Schmutzige Partikel stellten sich der traurig-stolzen Melodie in den Weg. Die vier Musiker tändelten mit zartem Feedback, brachten winzige Soundeffekte auf ihren Weg. Und dann war sie plötzlich da: Beth Hart, die derzeit aufregendste Stimme Amerikas. Die Köpfe reckten sich ihr entgegen, als sie den Saal von hinten durchmaß, das resignative „Don't Explain“ auf den Lippen.

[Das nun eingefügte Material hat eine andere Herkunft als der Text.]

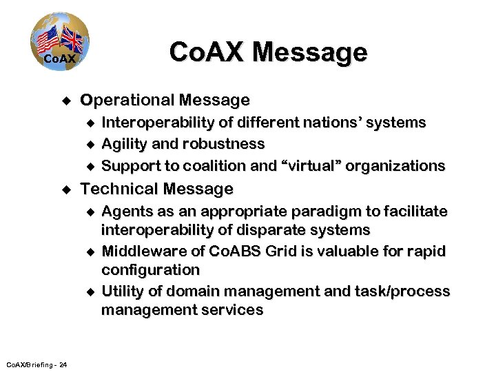 Co. AX u Dynamic “come as you are” coalition formation u u u u 30 -Month (July 2002) Demonstration Plan Dynamic creation of ‘virtual coalition organization’ Agents and domains added to coalition structure ‘on-the-fly’ Dynamic coalition tasks and processes Tailored visualizations Tools to improve human / software agent interaction High-level tools usable without specialized training Packaged task, process, and event management capabilities as generic Grid services Co. AX/Briefing - 23

Ja, sie trügen und trösten, die Worte, also lieber gar nichts hören wollen vom Ehebrecher, der morgens mit Lippenstiftspuren am Kragen nach Hause kommt. „Hush now, don't explain, just say you'll remain.“ Dieser schmerzverliebte Text stammt von Billie Holiday. Es ist ein Song aus 1944, der die positive Umdeutung von Ohnmacht in ewige Worte fasst. „I know you cheat, right or wrong, don't matter, when you're with me, sweet.“ Beth Hart seufzte, schnurrte und ächzte wie jemand, der solche Szenarien dutzendfach durchlebt hat. „Don't Explain“ war auch der Titel der ersten von zwei superben Kollaborationen mit dem Gitarristen Joe Bonamassa. Zwei Alben voll beseelter Coverversionen, die Hart nach längerer Durststrecke wieder auf die Landkarte des Pop brachten. Bei ihrem Debüt im zum Bersten vollen Wiener Konzerthaus ging es allerdings vorrangig um die eigenen Lieder dieser von Schicksalsschlägen, Drogenexzessen und einer bipolaren Disposition gebeutelten Künstlerin.

Aus Unglück wird Fügung

Das bissige „Get Your Shit Together“ machte den Anfang. Harts bluesgetränkte Songs beschreiben meist wundersame seelische Transformationen. Was in ihren Szenarien zunächst als Unglück erscheint, decouvriert sich darin nicht selten als Fügung, die zu höheren Einsichten führt. Bittere Erinnerungen, die sich letztlich als Rettungsringe erweisen. Die Heldin des elegant groovenden „Tell Her You Belong to Me“ findet sich mit der Misere nicht ab, sondern fordert kämpferisch ein Bekenntnis. Nicht alles aus ihrer Feder hatte diese Qualität. Trivialitäten zu den Themen Gott und Familie trübten den Gesamteindruck etwas. Mit äußerst intensiven Interpretationen von Brook Bentons „I'll Take Care of You“ und Ike & Tina Turners „Nutbush City Limits“ machte sie die wenigen indifferenten Momente aber locker vergessen.

Absolutes Highlight war ihre fast zehnminütige Version von Etta James' Ballade „I'd Rather Go Blind“. Erneut ein Besuch im Hinterzimmer der Liebe, ein musikalisches Flehen im Salon der Verlustangst.